The 32% of the publications discussed in this subsection collected a dataset from a real-world CAS installation. A real-world dataset was used in [
38], which was not generated by the research team, but obtained from the ECP braking system of a DK-2 locomotive from Shouhuang Railway. Within the manufacturing research field, Rajashekarappa et al. [
52] presented a real-world implementation, as opposed to the investigations carried out by [
41,
42,
43,
51,
65]. Rajashekarappa et al. [
52] generated their dataset comprising airflow, temperature, and pressure sensors from a real-world pneumatic production system. Data collection was carried out during two periods: initially during a planned shutdown and then during normal production hours. Artificial anomalies were induced in the cell of a packaging process by drilling a hole in an external plug connected to a pneumatic tee tube-to-tube adapter. During planned shutdown, a 1 mm leak was used, while during normal production hours, a 0.8 mm leak was set up. The generated dataset was collected in the form of a ‘CSV’ file and then extracted on a ‘Grafana’ visual interface [
52]. In contrast to [
41,
42,
43], Kovács et al. [
44,
45] generated a real-world dataset collected from a Hungarian multinational manufacturer of electrical components between May 2018 and February 2019. A 0–20 mV signal from a pneumatic actuator was collected and recorded as a CSV file, similarly to [
52], where it runs in a sequence of six to eight cycles under normal operating conditions.
The publications by [
59,
60,
67] generated a dataset from a supply-side system, either from a compressor or an accumulator.

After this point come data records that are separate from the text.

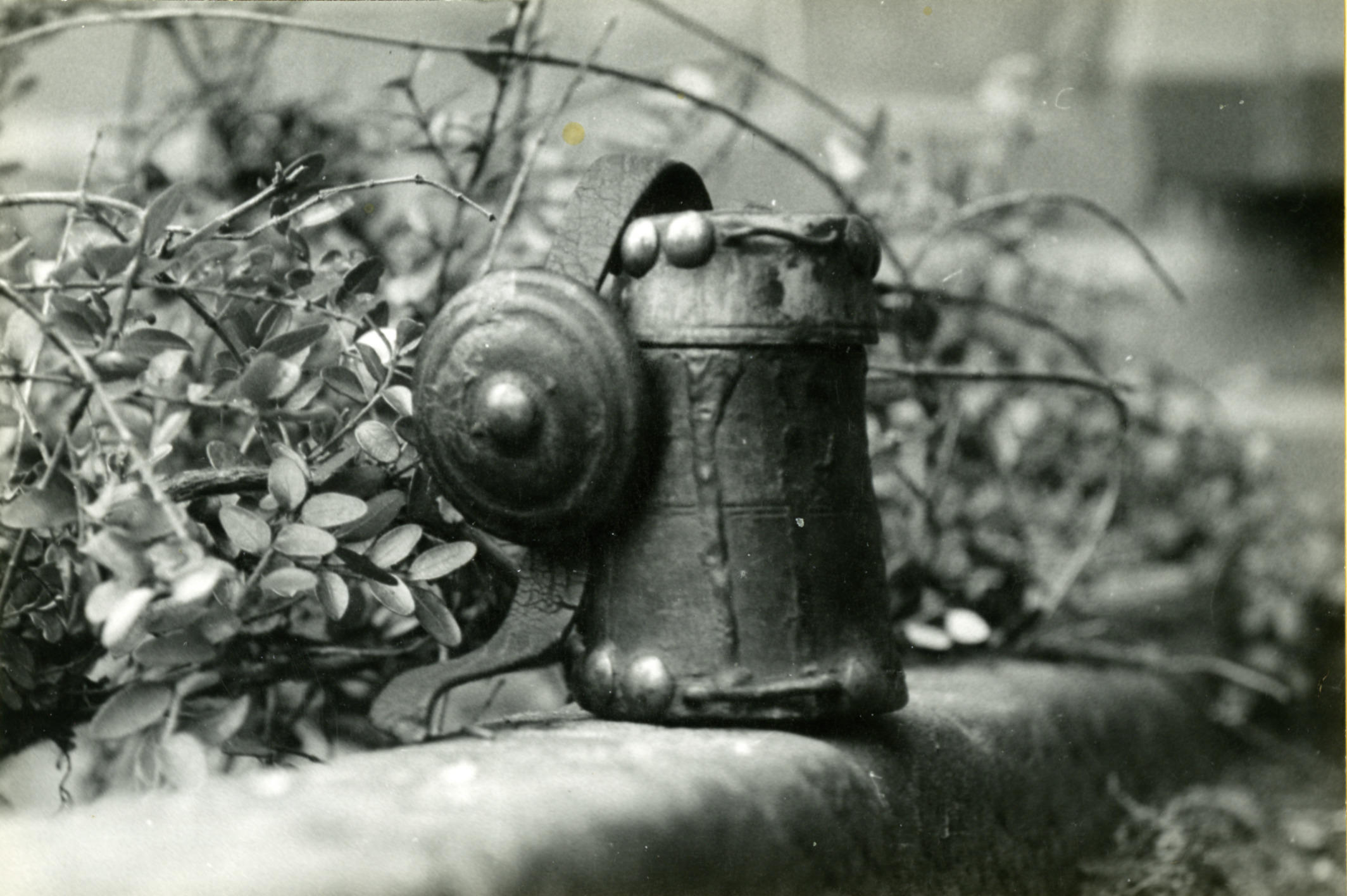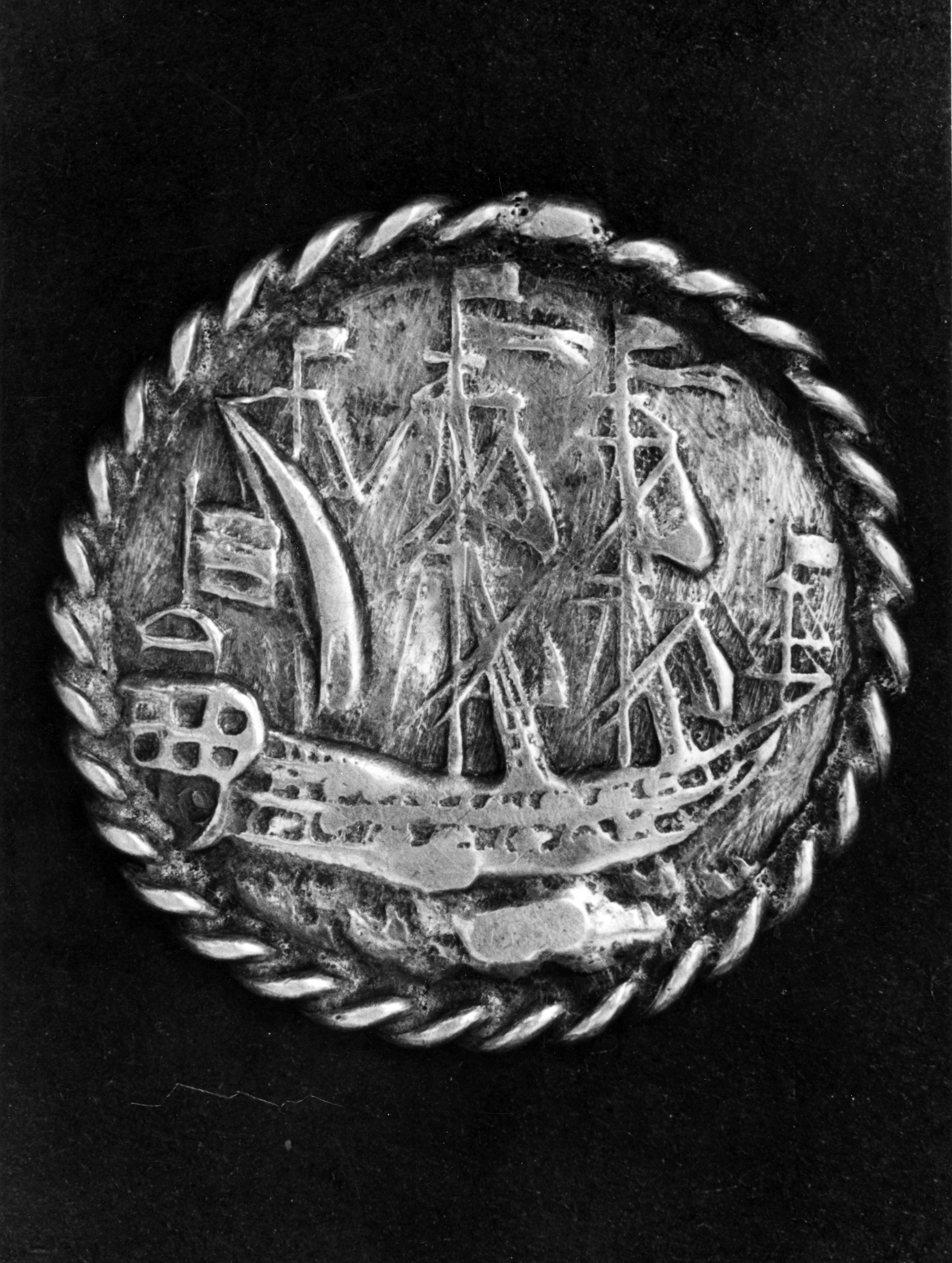 Zilveren knoop met schip, Marken, 1943 (zwart-wit foto)
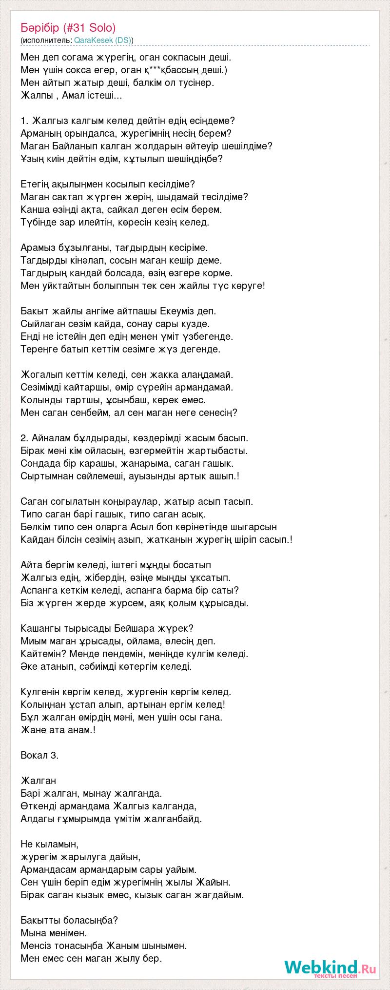 Мен деп согама жүрегің, оган сокпасын деші. Мен үшін сокса егер, оган қ***қбассың деші.) Мен айтып жатыр деші, балкім ол тусінер. Жалпы , Амал істеші... 1. Жалгыз калгым келед дейтін едің есіңдеме? Арманың орындалса, журегімнің несің берем? Маган Байланып калган жолдарын әйтеуір шешілдіме? Ұзың киін дейтін едім, кұтылып шешіңдіңбе? Етегің ақылыңмен косылып кесілдіме? Маган сактап жүрген жерің, шыдамай тесілдіме? Канша өзіңді ақта, сайкал деген есім берем. Түбінде зар илейтін, көресін кезің келед. Арамыз бұзылғаны, тағдырдың кесіріме. Тагдырды кінәлап, сосын маган кешір деме. Тагдырың кандай болсада, өзің өзгере корме. Мен уйктайтын болыппын тек сен жайлы түс көруге! Бакыт жайлы ангіме айтпашы Екеуміз деп. Сыйлаган сезім кайда, сонау сары кузде. Енді не істейін деп едің менен үміт үзбегенде. Тереңге батып кеттім сезімге жүз дегенде. Жогалып кеттім келеді, сен жакка алаңдамай. Сезімімді кайтаршы, өмір сүрейін армандамай. Колынды тартшы, ұсынбаш, керек емес. Мен саган сенбейм, ал сен маган неге сенесің? 2. Айналам бұлдырады, көздерімді жасым басып. Бірак мені кім ойласың, өзгермейтін жартыбасты. Сондада бір карашы, жанарыма, саган гашык. Сыртымнан сөйлемеші, ауызынды артык ашып.! Саган согылатын коңыраулар, жатыр асып тасып. Типо саган барі гашык, типо саган асық. Бәлкім типо сен оларга Асыл боп көрінетінде шыгарсын Кайдан білсін сезімің азып, жатканын журегің шіріп сасып.! Айта бергім келеді, іштегі мұңды босатып Жалгыз едің, жібердің, өзіңе мыңды ұксатып. Аспанга кеткім келеді, аспанга барма бір саты? Біз жүрген жерде журсем, аяқ қолым құрысады. Кашангы тырысады Бейшара жүрек? Миым маган ұрысады, ойлама, өлесің деп. Кайтемін? Менде пендемін, меніңде кулгім келеді. Әке атанып, сәбиімді көтергім келеді. Кулгенін көргім келед, жургенін көргім келед. Колыңнан ұстап алып, артынан ергім келед! Бұл жалган өмірдің мәні, мен ушін осы гана. Жане ата анам.! Вокал 3. Жалган Барі жалган, мынау жалганда. Өткенді армандама Жалгыз калганда, Алдагы ғұмырымда үмітім жалғанбайд. Не кыламын, журегім жарылуга дайын, Армандасам армандарым сары уайым. Сен үшін беріп едім журегімнің жылы Жайын. Бірак саган кызык емес, кызык саган жағдайым. Бакытты боласыңба? Мына менімен. Менсіз тонасыңба Жаным шынымен. Мен емес сен маган жылу бер.
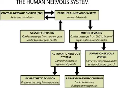 In biology, the nervous system is the highly complex part of an animal that coordinates its actions and sensory information by transmitting signals to and from different parts of its body. The nervous system detects environmental changes that impact the body, then works in tandem with the endocrine system to respond to such events.[1] Nervous tissue first arose in wormlike organisms about 550 to 600 million years ago. In vertebrates, it consists of two main parts, the central nervous system (CNS) and the peripheral nervous system (PNS). The CNS consists of the brain and spinal cord. The PNS consists mainly of nerves, which are enclosed bundles of the long fibers, or axons, that connect the CNS to every other part of the body. Nerves that transmit signals from the brain are called motor nerves (efferent), while those nerves that transmit information from the body to the CNS are called sensory nerves (afferent). The PNS is divided into two separate subsystems, the somatic and autonomic nervous systems. The autonomic nervous system is further subdivided into the sympathetic, parasympathetic and enteric nervous systems. The sympathetic nervous system is activated in cases of emergencies to mobilize energy, while the parasympathetic nervous system is activated when organisms are in a relaxed state. The enteric nervous system functions to control the gastrointestinal system. Nerves that exit from the brain are called cranial nerves while those exiting from the spinal cord are called spinal nerves.
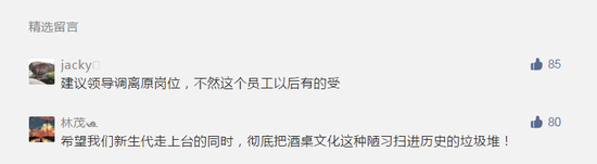 对此,有网友表示,“希望我们新生代走上台的同时,彻底把酒桌文化这种陋习扫进历史的垃圾堆”,获得不少网友点赞。
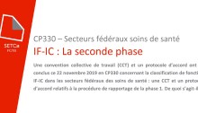 IF-IC: La seconde phase Une convention collective de travail (CCT) et un protocole d’accord ont été conclus ce 22 novembre 2019 en CP330 concernant la classification de fonctions IF-IC dans les secteurs fédéraux des soins de santé: une CCT et un protocole d’accord relatifs à la procédure de rapportage de la phase 1. De quoi…
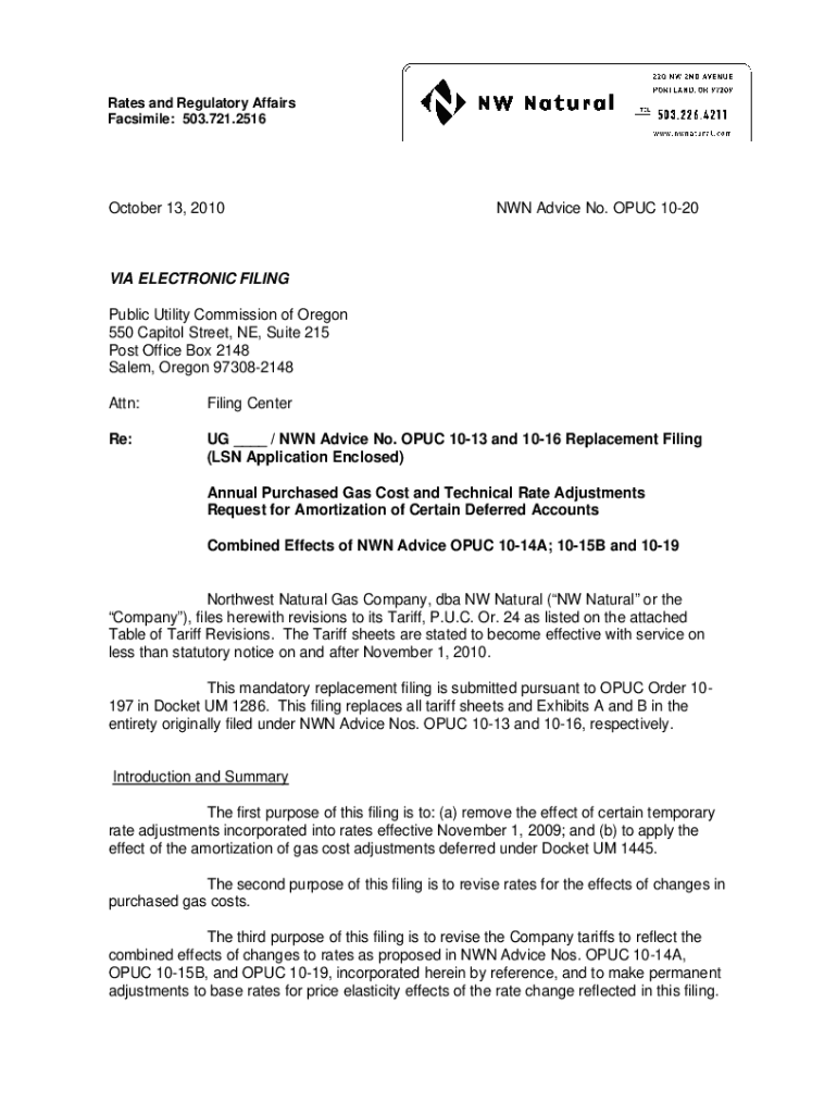 Rates and Regulatory Affairs Facsimile: 503.721.2516October 13, 2010NWN Advice No. OPUS 1020VIA ELECTRONIC FILING Public Utility Commission of Oregon 550 Capitol Street, NE, Suite 215 Post Office
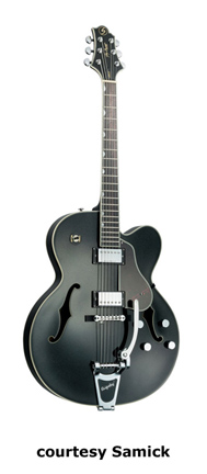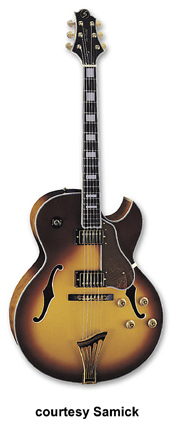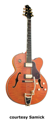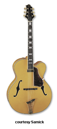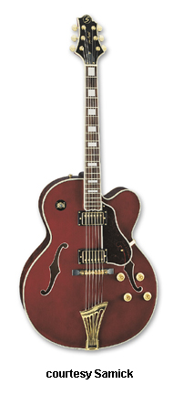 JZ 2 | - single cutaway hollowbody, select spruce top, quilt maple sides and back, 22-fret rosewood fingerboard with block inlay, two Duncan design humbucker pickups, jazz style bridge, three-per-side Grover tuners, four knobs (two v, two tone), available in Antique Natural, Vintage Sunburst, or Wine Red finish, case included, current mfg. |
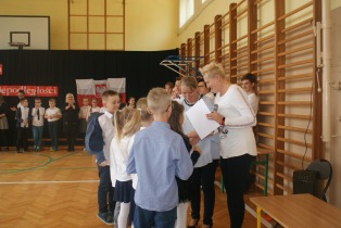 Uczniowie krótko przedstawili historię odzyskania przez Polskę niepodległości i zaprosili wszystkie klasy do rozwiązania quizu niepodległościowego, który zawierał 9 zadań. Mieli za zadanie m. in. odgadnąć tytuły polskich piosenek, umieścić na mapie miasta Polski, dopasować zdjęcia bohaterów historycznych do krótkich opisów, stworzyć z puzzli postać Józefa Piłsudskiego, ułożyć wiersz Kto ty jesteś, Polak mały czy dopasować przysłowia. Duże zainteresowanie wzbudziło rozwiązywanie zagadek o Polsce.
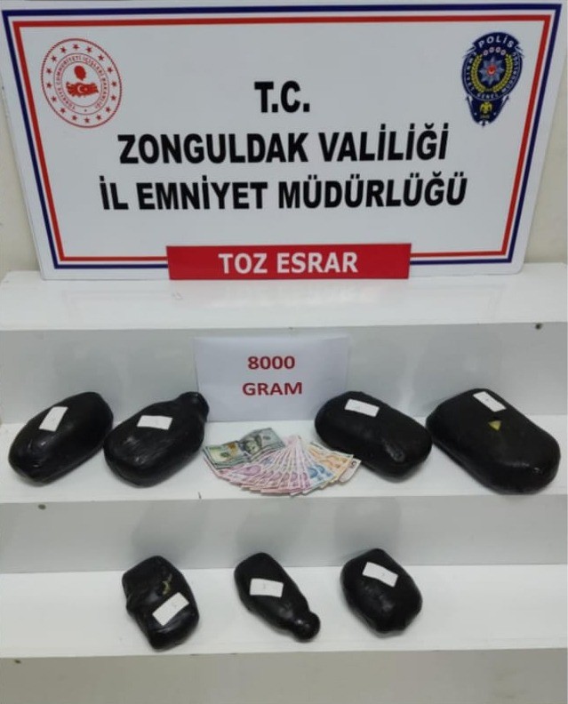 Edinilen bilgiye göre Zonguldak il Emniyet Müdürlüğü Narkotik Suçlarla Mücadele şube Müdürlüğü tarafından Uyuşturucu veya Uyarıcı Madde Operasyonu gerçekleştirildi. Narkotik Ekiplerince uzun süren takip neticesinde şüpheli araç durduruldu, Narkotik Köpeği Dark'ın katılımıyla Narkotimlerce yapılan kontrollerde aracın dış kısmına gizlenmiş vaziyette 7 paket halinde yaklaşık 8 kilogram olan Uyuşturucu veya Uyarıcı Madde ayrıca 4 bin TL para ele geçirildi. Şüpheli şahıs yakalanarak gözaltına alındı. Gözaltına alınan şahıs Uyuşturucu veya Uyarıcı Madde Ticareti Suçundan tutuklanarak cezaevine gönderildi.
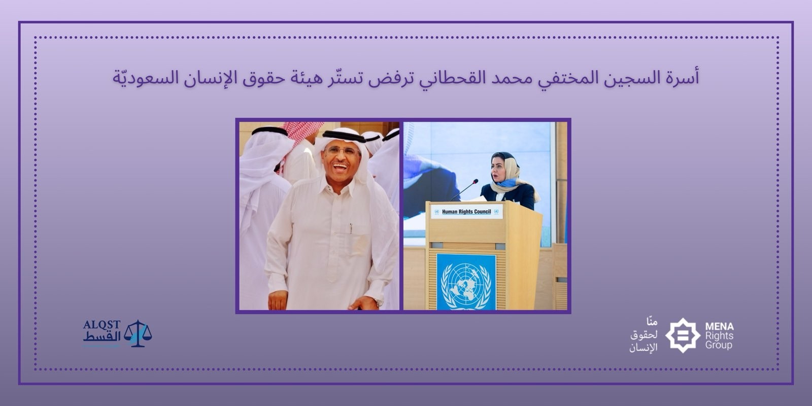 أصدرت زوجة المدافع السعودي البارز عن حقوق الإنسان محمد القحطاني بيانًا ينفي بشكل قاطع ادعاء مسؤول سعودي بأنّ القحطاني كان على اتصال مؤخرًا بأسرته، واتّهمت هيئة حقوق الإنسان السعوديّة المدعومة من الدولة بالتستر على الانتهاكات التي ترتكبها السلطات، بما في ذلك اختفاء القحطاني المستمر. وترى القسط ومنَا لحقوق الإنسان أن هذا التستر نموذجي لدور هيئة حقوق الإنسان السعوديّة في تبييض سجل السلطات السعوديّة الصارخ في مجال حقوق الإنسان، وتدعوان إلى وضع حد لهذه الممارسة التعسّفية.
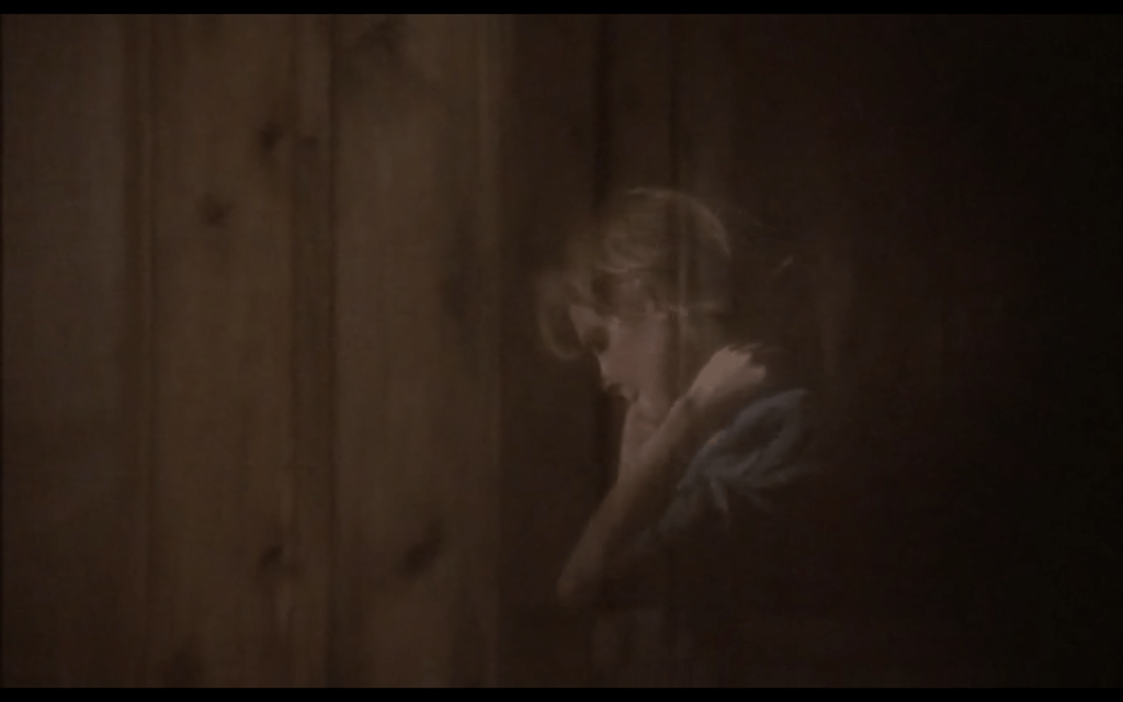 Una volta vestita, Eva va verso l’ascensore, ma quando esce dalla stanza sembra sconvolta… e, uscendo, letteralmente scompare… la sua immagine diventa trasparente, con, perfino, un effetto sonoro strange a sottolineare l’evento…
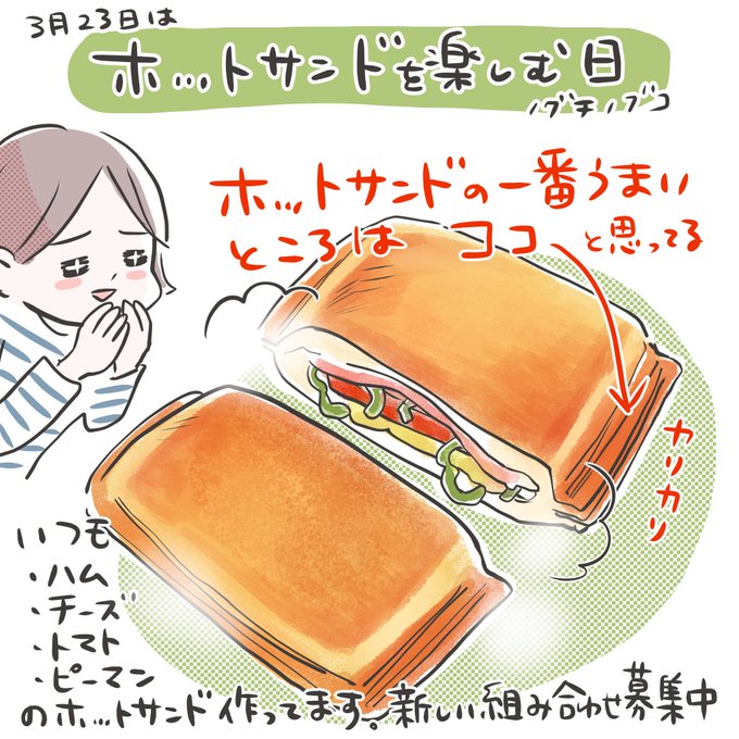 今日3/23は、#ホットサンドを楽しむ日 理由がかわいい。 3/13 #サンドイッチの日 に サンドイッチを焼く音 「ジュウ(10)」を足して3/23❤ 我が家のホットサンドメーカー 4年物。超重宝! #俳句 #花盛り #haiku #AdobeFresco #赤と黒の絵日記 #イラスト #イラスト俳句 #絵描きさんと繋がりたい
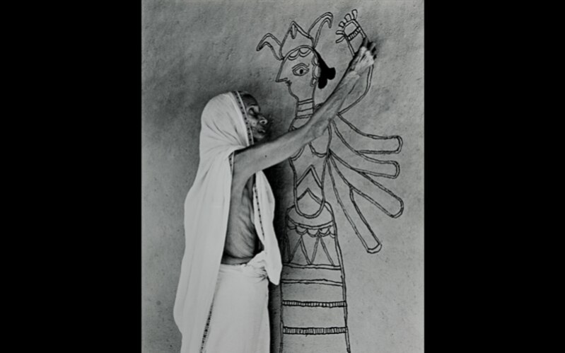 From portraits to photographic studies of folk traditions to finding ways to express a post-Independent India at the cusp of a deep-rooted culture and modern ideas, Bhatt’s work across the second half of the 20th century spans many spectrums. This particular image, part of the Rural Studies section of the online exhibition, titled Time and Time Again, curated by Nathaniel Gaskell (founder and director of the MAP Academy— the education arm of the Museum of Art & Photography, Bengaluru), is a perfect example of his brilliant eye for the artistic in the realistic. Not only does the picture portray the folk artist working on a mural of Durga-Mahishasurmardini, but the way the contours of her body are reflected in the lines of her creation elevates it to art.
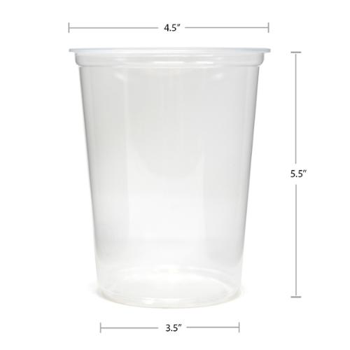 Recessed plug-fit and over-cap lid (printable) compatibility for presentation and application flexibility. Made with material that is microwave safe. Unsusceptible to flavor or odor transfer. Large, flat, and uninterrupted labeling space for strong branding opportunities. Smooth rolled rims for leak-resistant snap-fit lid application and removal.
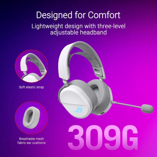 ASUS sluchátka ROG Pelta, Bezdrátové BT a RF 2.4GHz, ARGB, bílá

In the case of Cui et al. [
59], the dataset was generated from a 22 kW compressor. This dataset was collected from the compressor’s condition monitoring system (CMS), where thirteen different variables, including inlet and outlet pressure temperature and vibrational values, are measured and appended every five minutes. Thus, the process of data collection was very easy and flexible, since a direct download from the CMS was available. The dataset included 1380 groups of historical fault-free data and was divided in three groups. The first dataset was used to construct the historic memory matrix of the model, the second to verify model accuracy while determining the fault warning threshold, and the third to test the effect of the fault measure and early warning system. No faults were purposely induced during dataset generation, as a typical air compressor fault occurred during the data collection window [
59]. On the other hand, the study performed by Holstein et al. [
60] involved a different approach from [
59], but similar to those performed by [
51,
70]. This is because the dataset was generated by measurements collected from the structure-borne sound probe T10 from SONOTEC and a microphone MK301 from Microtech Gefell. Due to the nature of the data, a 24-bit c-DAQ card was required, in this case DT 9847-2-2, to be able to measure low frequencies [
60]. The research of Desmet et al. [
67] involved the generation of two datasets. The purpose of the first dataset was to be fault-free to discover the sawtooth patterns for accumulator charging and discharging and the activation of air-actuated components. The other dataset was generated to detect the anomalies from the presented algorithm, which will be identified by the fourth RQ. Fault simulation was performed by inducing a moderately leaking nozzle, where the air consumption rate increased by 25% from normal condition operations [
67].
The remaining publications within this subsection are associated with the investigations performed by the research team of F. Bonfa, M. Benedetti, and A. Santolamazza et al. [
61,
62,
63,
64]. The dataset generation for these studies stemmed from the measurement of potential parameters collected from five compressors within an Italian pharmaceutical manufacturing company. One of the compressors served as the master, and hence this was working continuously, while the other four compressors served as slaves to top up when the manufacturing demand increased. The energy and CA production data were collected at an interval of 15 min, and included pressure, temperature and external air humidity. The number of running hours for each compressor was available weekly in a cumulative format [
61,
62]. In addition to this, Santolamazza et al. [
63,
64] chose particular energy drivers for analysis, which were low-pressure flow rate of 3 bar, medium-pressure flow rate of 8 bar, the external air temperature from which the external air humidity could be derived from, and the binary state of the single compressors. This meant that the state is ‘0′ when energy consumption of the associated compressor is less than 1 kWh/15 min, while if the compressor’s energy consumption is more than 1 kWh/15 min, the state is equal to ‘1′ [
63,
64].
Dataset Preparation
In addition to dataset generation, RQ3 seeks to understand the data processing techniques, if any are performed. It can be deduced that preprocessing was not performed for almost half of the reviewed studies, where 46% of the selected publications did not manipulate the data prior to analysis.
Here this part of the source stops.